Иоко поспешно открыла крышку патефона и опустила иголку на пластинку, лежавшую на диске. Значит, Юмико все-таки переживает эту встречу болезненно. Она смотрела на Кунио чистым, светлым взглядом, как будто отрешенным от всех желаний, но, оказывается, в сердце у нее до последней минуты жила надежда, с которой она не в силах была расстаться. И теперь, страдая от противоречивых чувств, терзавших ее душу, она снова хотела укрыться в мире звуков от печальной действительности. Иоко подошла к постели сестры и тихонько погладила ее по исхудавшей щеке.
— Тебе тяжело было, да?
Из-под полуопущенных длинных ресниц покатились крупные прозрачные капли. Юмико открыла влажные от слез глаза.
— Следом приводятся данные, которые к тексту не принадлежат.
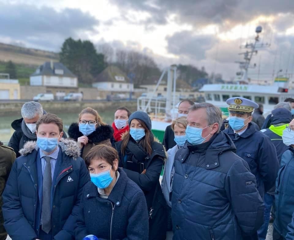 1. Janvier 2021 : aux côtés de nos pêcheurs normands à Port-en-Bessin avec la Ministre de la Mer Annick Girardin et le Secrétaire d’État aux affaires européennes, Clément Beaune et les députés Bertrand SORRE - Député de la Manche et Stéphane Travert, Député de la Manche.
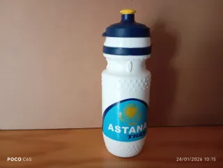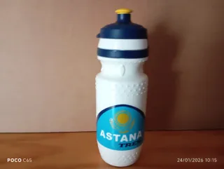 Bidón de ciclismo con diseño del equipo Astana. Preferencia por cambiar - Color blanco con detalles en azul y amarillo. - Tapa azul con boquilla amarilla.
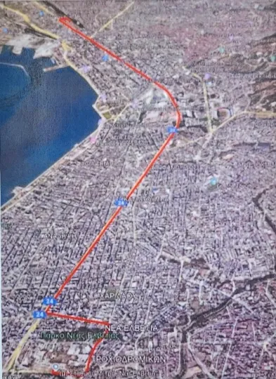 Μετάβαση: Σταθμός Μετεπιβίβασης Ν. Ελβετίας, Μιχ. Ψελλού, δεξιόστροφος ελιγμός στην παράπλευρη Ε.Ο. Θεσσαλονίκης- Ν. Μουδανίων, Λεωφ. Κωνσταντίνου Καραμανλή, Εγνατία, Μοναστηρίου, Νέος Σιδηροδρομικός Σταθμός.
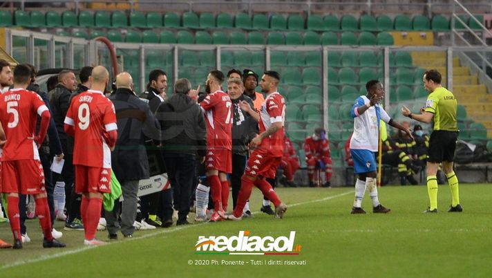 Attimi di tensione nei minuti di recuperi della sfida tra Palermo e Bari
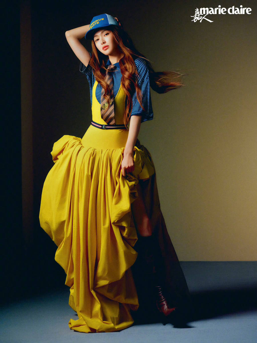 金发造型更是这组写真的点睛之笔。唐嫣的金发并非夸张的亮金色,而是柔和的浅金色,搭配自然的卷发纹理,蓬松柔软,随意垂落在肩头,衬得她的五官更加立体精致,眉眼间的飒爽感也被瞬间放大。以往唐嫣的造型多以黑色长发为主,温柔温婉,而这次的金发造型,无疑是一次大胆的尝试,却意外地契合她的气质,让她从“甜妹”成功转型为“甜飒女神”,反差感拉满,让人眼前一亮。

— Не мне, а ему тяжело,— прошептала она. Сливаясь с торжественными звуками симфонии, ее голос звучал тихо, как щебетанье маленькой птички.— Разве нет, Иоко? Он не знает, как ему дальше жить. И не так, как папа. Папа может смириться, может все понять. А у Кунио все только начинается, он не может так легко смириться с окружающей жизнью. Я знаю, все, что он видит вокруг, вызывает в нем гнев. А почему — этого он сам хорошенько не понимает. Будь с ним ласкова, Иоко. Мне кажется, он на самом деле очень добрый, очень хороший. Это война его изломала. Мне так жаль его, так нестерпимо жаль!..— Она вздохнула и, мечтательно глядя куда-572
то вдаль добавила: — Я так хочу, чтобы он нашел себе красивую, ласковую жену...
Иоко удивленно взглянула на сестру. Лицо у Юмико было бледное, почти прозрачное. «Боже мой, значит Юмико уже приготовилась к смерти...»—подумала старшая сестра.